In the listing below, the lines starting at the line with "- Dazzling round" and ending at the line with "Boeket Sabine - Stijlvol" are to be output verbatim. Images stay out of the copy.

----- Data provided

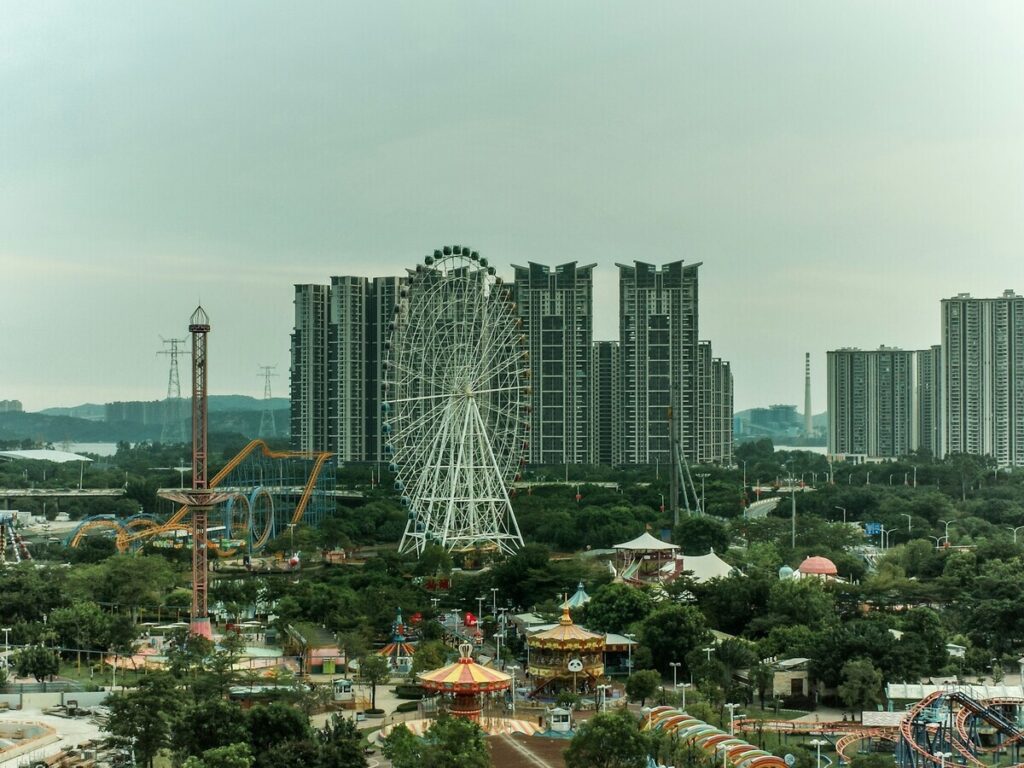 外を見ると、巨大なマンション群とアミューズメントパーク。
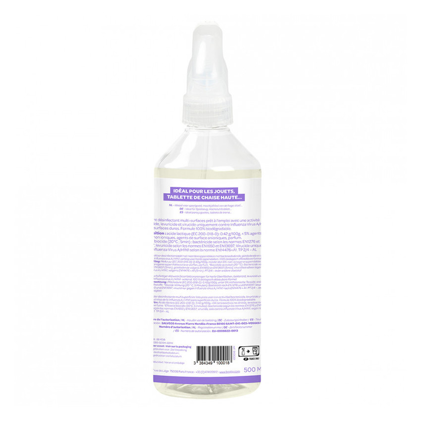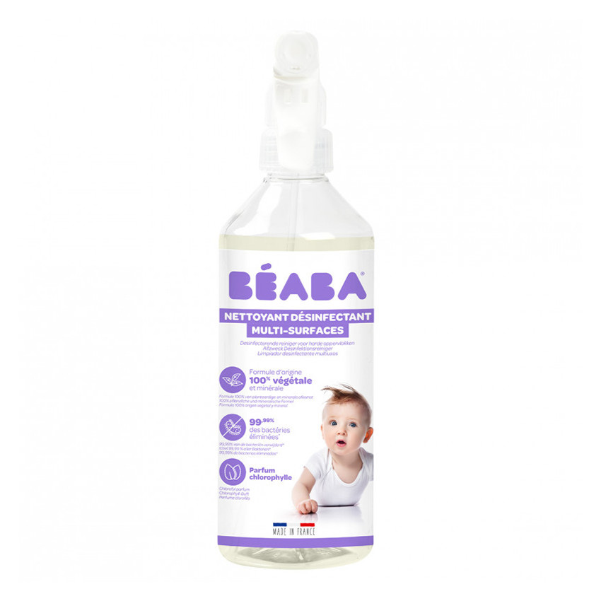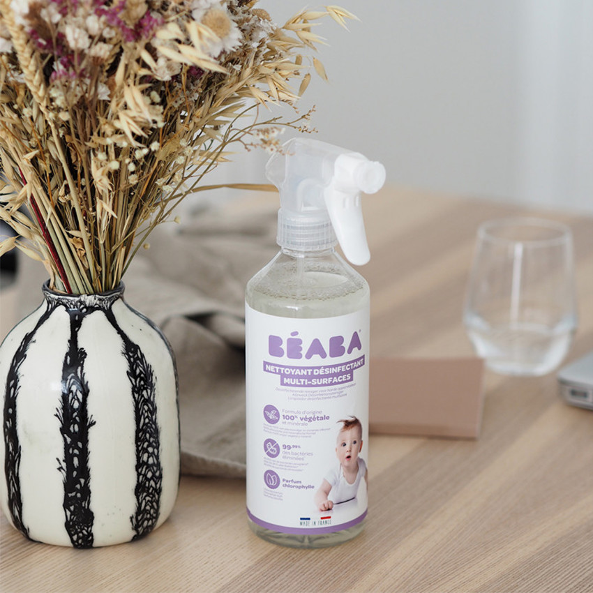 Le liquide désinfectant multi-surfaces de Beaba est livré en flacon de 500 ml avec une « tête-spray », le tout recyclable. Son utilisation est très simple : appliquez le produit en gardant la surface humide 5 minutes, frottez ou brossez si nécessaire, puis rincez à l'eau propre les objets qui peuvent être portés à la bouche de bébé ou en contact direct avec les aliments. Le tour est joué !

----------
----- Data provided

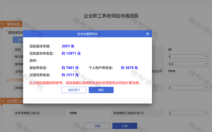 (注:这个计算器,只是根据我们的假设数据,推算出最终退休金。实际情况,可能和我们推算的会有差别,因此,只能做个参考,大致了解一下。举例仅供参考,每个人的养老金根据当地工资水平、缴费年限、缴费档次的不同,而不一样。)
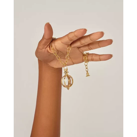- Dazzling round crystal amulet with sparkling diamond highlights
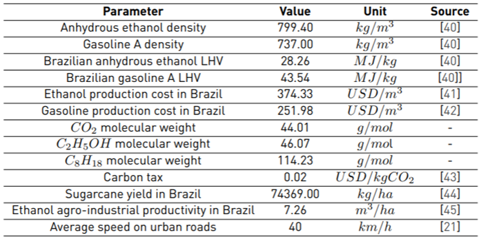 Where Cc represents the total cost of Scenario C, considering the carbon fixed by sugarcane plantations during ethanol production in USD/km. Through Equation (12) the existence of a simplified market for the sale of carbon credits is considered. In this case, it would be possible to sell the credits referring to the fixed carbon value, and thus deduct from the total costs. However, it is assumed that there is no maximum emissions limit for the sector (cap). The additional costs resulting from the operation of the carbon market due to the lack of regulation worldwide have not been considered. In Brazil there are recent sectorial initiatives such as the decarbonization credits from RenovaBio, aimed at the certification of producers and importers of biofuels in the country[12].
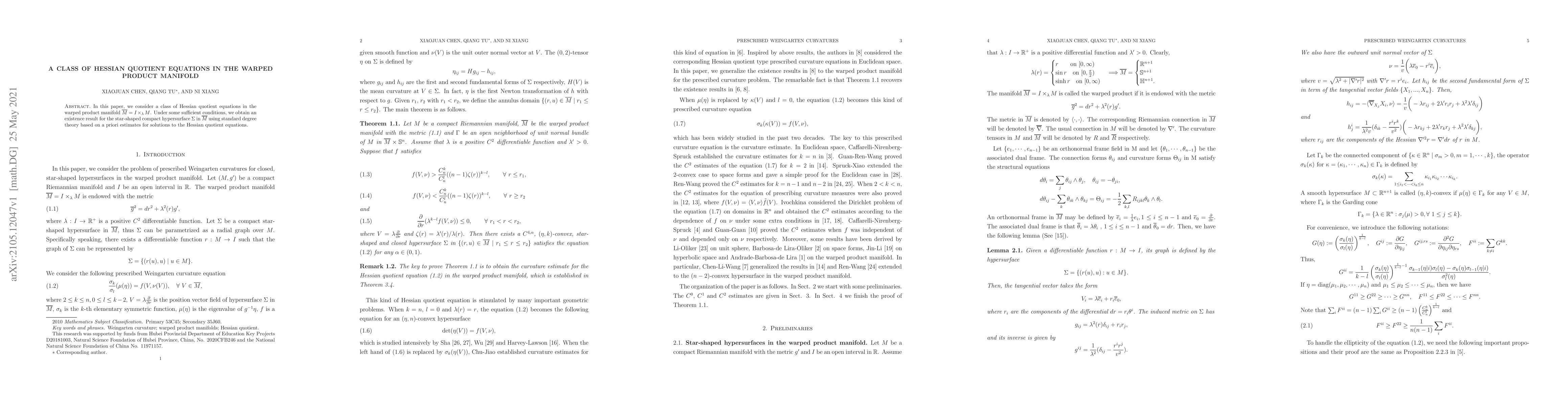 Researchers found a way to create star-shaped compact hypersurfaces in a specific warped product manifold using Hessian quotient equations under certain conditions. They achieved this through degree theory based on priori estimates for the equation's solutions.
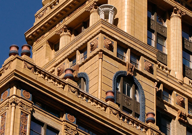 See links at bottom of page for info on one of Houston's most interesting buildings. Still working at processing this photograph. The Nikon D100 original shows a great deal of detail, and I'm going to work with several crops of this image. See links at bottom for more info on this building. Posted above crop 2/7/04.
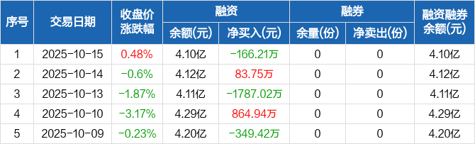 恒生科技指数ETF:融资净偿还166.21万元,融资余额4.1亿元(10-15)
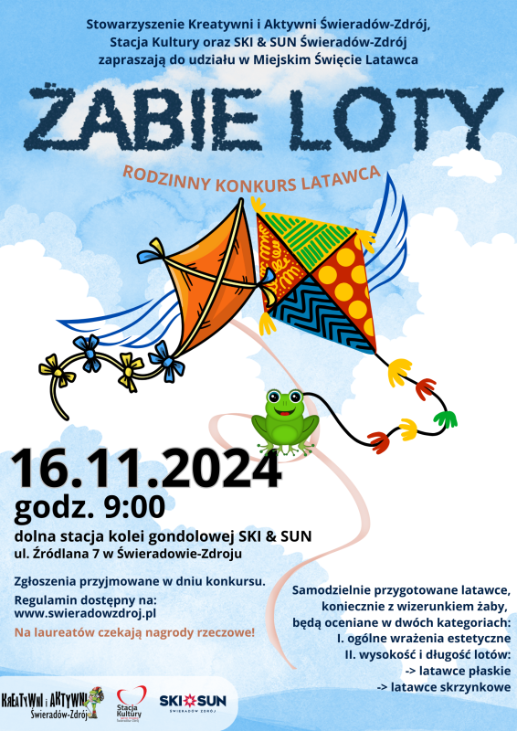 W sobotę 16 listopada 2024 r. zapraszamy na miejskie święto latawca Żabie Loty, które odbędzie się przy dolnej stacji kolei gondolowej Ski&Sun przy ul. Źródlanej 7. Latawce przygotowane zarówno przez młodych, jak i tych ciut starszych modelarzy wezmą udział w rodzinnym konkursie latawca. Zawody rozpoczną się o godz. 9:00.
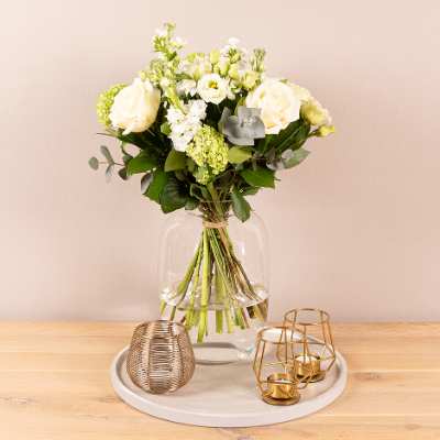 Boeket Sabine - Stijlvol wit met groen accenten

----------

## Solution
- Dazzling round crystal amulet with sparkling diamond highlights
 Where Cc represents the total cost of Scenario C, considering the carbon fixed by sugarcane plantations during ethanol production in USD/km. Through Equation (12) the existence of a simplified market for the sale of carbon credits is considered. In this case, it would be possible to sell the credits referring to the fixed carbon value, and thus deduct from the total costs. However, it is assumed that there is no maximum emissions limit for the sector (cap). The additional costs resulting from the operation of the carbon market due to the lack of regulation worldwide have not been considered. In Brazil there are recent sectorial initiatives such as the decarbonization credits from RenovaBio, aimed at the certification of producers and importers of biofuels in the country[12].
 Researchers found a way to create star-shaped compact hypersurfaces in a specific warped product manifold using Hessian quotient equations under certain conditions. They achieved this through degree theory based on priori estimates for the equation's solutions.
 See links at bottom of page for info on one of Houston's most interesting buildings. Still working at processing this photograph. The Nikon D100 original shows a great deal of detail, and I'm going to work with several crops of this image. See links at bottom for more info on this building. Posted above crop 2/7/04.
 恒生科技指数ETF:融资净偿还166.21万元,融资余额4.1亿元(10-15)
 W sobotę 16 listopada 2024 r. zapraszamy na miejskie święto latawca Żabie Loty, które odbędzie się przy dolnej stacji kolei gondolowej Ski&Sun przy ul. Źródlanej 7. Latawce przygotowane zarówno przez młodych, jak i tych ciut starszych modelarzy wezmą udział w rodzinnym konkursie latawca. Zawody rozpoczną się o godz. 9:00.
 Boeket Sabine - Stijlvol wit met groen accenten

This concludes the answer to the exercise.